Questa era la cifra che sarebbe pesata sui contribuenti se non avessimo affrontato il problema, sempre che il privato fosse stato in grado di reperire i fondi necessari sul mercato. E anche in quest’ultimo caso, se non avesse trovato i fondi, il Concessionario sarebbe sicuramente ricorso alle vie legali, forte di avere in mano un contratto già firmato che lo tutelava anche in questo caso, e quindi in posizione di enorme forza nei nostri confronti. Ci sarebbe costato uno-due miliardi di euro risarcirlo, a discrezione del giudice di turno.

La finanza di progetto italiana, così come è stata applicata, fuori controllo, ha prodotto dei mostri, basti vedere la Pedemontana Lombarda, l’Asti-Cuneo e quante altre. Ma l’esperienza della Pedemontana Veneta ci dimostra che le cose possono essere fatte bene anche in Italia.
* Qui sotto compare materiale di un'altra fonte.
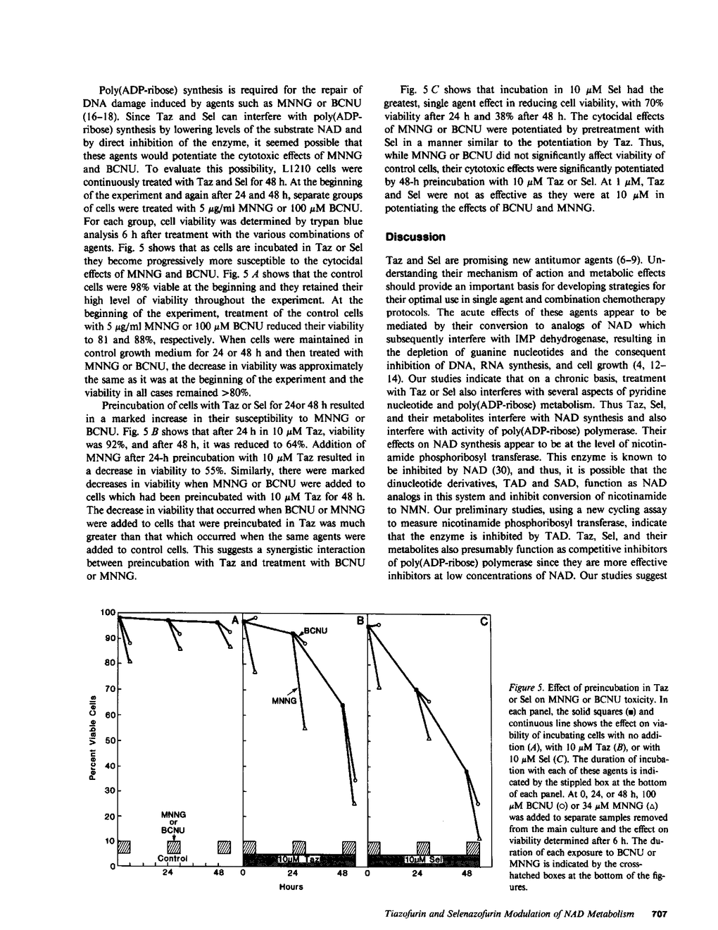 Tiazofurin (2-beta-D-ribofuranosylthiazole-4-carboxamide) and selenazofurin (2-beta-D-ribofuranosylselenazole-4-carboxamide) are synthetic "C" nucleosides whose antineoplastic activity depends on their conversion to tiazofurin-adenine dinucleotide and selenazofurin-adenine dinucleotide which are analogs of NAD. The present study was conducted to determine whether these nucleoside analogs and their dinucleotide derivatives interfere with NAD metabolism and in particular with the NAD-dependent enzyme, poly(ADP-ribose) polymerase. Incubation of L1210 cells with 10 microM tiazofurin or selenazofurin resulted in inhibition of cell growth, reduction of cellular NAD content, and interference with NAD synthesis. Using [14C]nicotinamide to study the uptake of nicotinamide and its conversion to NAD, we showed that the analogs interfere with NAD synthesis, apparently by blocking formation of nicotinamide mononucleotide. The analogs also serve as weak inhibitors of poly(ADP-ribose) polymerase, which is an NAD-utilizing, chromatin-bound enzyme, whose function is required for normal DNA repair processes. Continuous incubation of L1210 cells in tiazofurin or selenazofurin resulted in progressive and synergistic potentiation of the cytotoxic effects of DNA-damaging agents, such as 1,3-bis(2-chloroethyl)-1-nitrosourea or N-methyl-N'-nitro-N-nitrosoguanidine. These studies provide a basis for designing chemotherapy combinations in which tiazofurin or selenazofurin are used to modulate NAD and poly(ADP-ribose) metabolism to synergistically potentiate the effects of DNA strand-disrupting agents.

E l’Anac, uno dei soggetti istituzionali più critici nei confronti dell’opera, ce lo ha riconosciuto. Questo tipo di contratti di ppp a totale canone di disponibilità si stanno diffondendo i Europa, in Italia siamo i primi. Chissà che questa soluzione possa servire da esempio anche per tutte le altre operazioni incagliate di ppp in Italia. Basta volerli risolvere i problemi, e basta crederci.
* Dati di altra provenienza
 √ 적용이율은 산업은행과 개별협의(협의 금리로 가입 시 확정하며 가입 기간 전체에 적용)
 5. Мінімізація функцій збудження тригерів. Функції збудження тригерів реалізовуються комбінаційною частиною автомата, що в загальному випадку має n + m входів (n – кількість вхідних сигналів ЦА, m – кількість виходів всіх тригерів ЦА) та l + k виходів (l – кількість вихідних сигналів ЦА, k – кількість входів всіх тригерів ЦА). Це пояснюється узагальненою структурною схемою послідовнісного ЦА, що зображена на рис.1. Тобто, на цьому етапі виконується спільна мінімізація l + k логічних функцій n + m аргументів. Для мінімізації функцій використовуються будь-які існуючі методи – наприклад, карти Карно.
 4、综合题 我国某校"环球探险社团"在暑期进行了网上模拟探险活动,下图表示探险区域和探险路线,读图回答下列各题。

Avremmo potuto fare di più? Forse si, ma solo se non si sa o non si considera da dove siamo partiti. Le nostre stime sono corrette? Pensiamo di si e comunque l’alea di rischio è ora gestibile ed affrontabile e il Veneto avrà una delle infrastrutture che aspetta da decenni.

Alla fine la mia più grande soddisfazione è aver salvato il posto di lavoro a 1.300 lavoratori. Erano in tanti lo scorso 4 dicembre alle celebrazioni di Santa Barbara, in una delle gallerie costruite delle Pedemontana Veneta (vedi foto sopra). Che emozione vederli sereni, soddisfatti ed orgogliosi di appartenere ad una grande squadra, quella che, adesso sì, che sta lavorando al più grande cantiere di opere stradali del Paese e la realizzerà.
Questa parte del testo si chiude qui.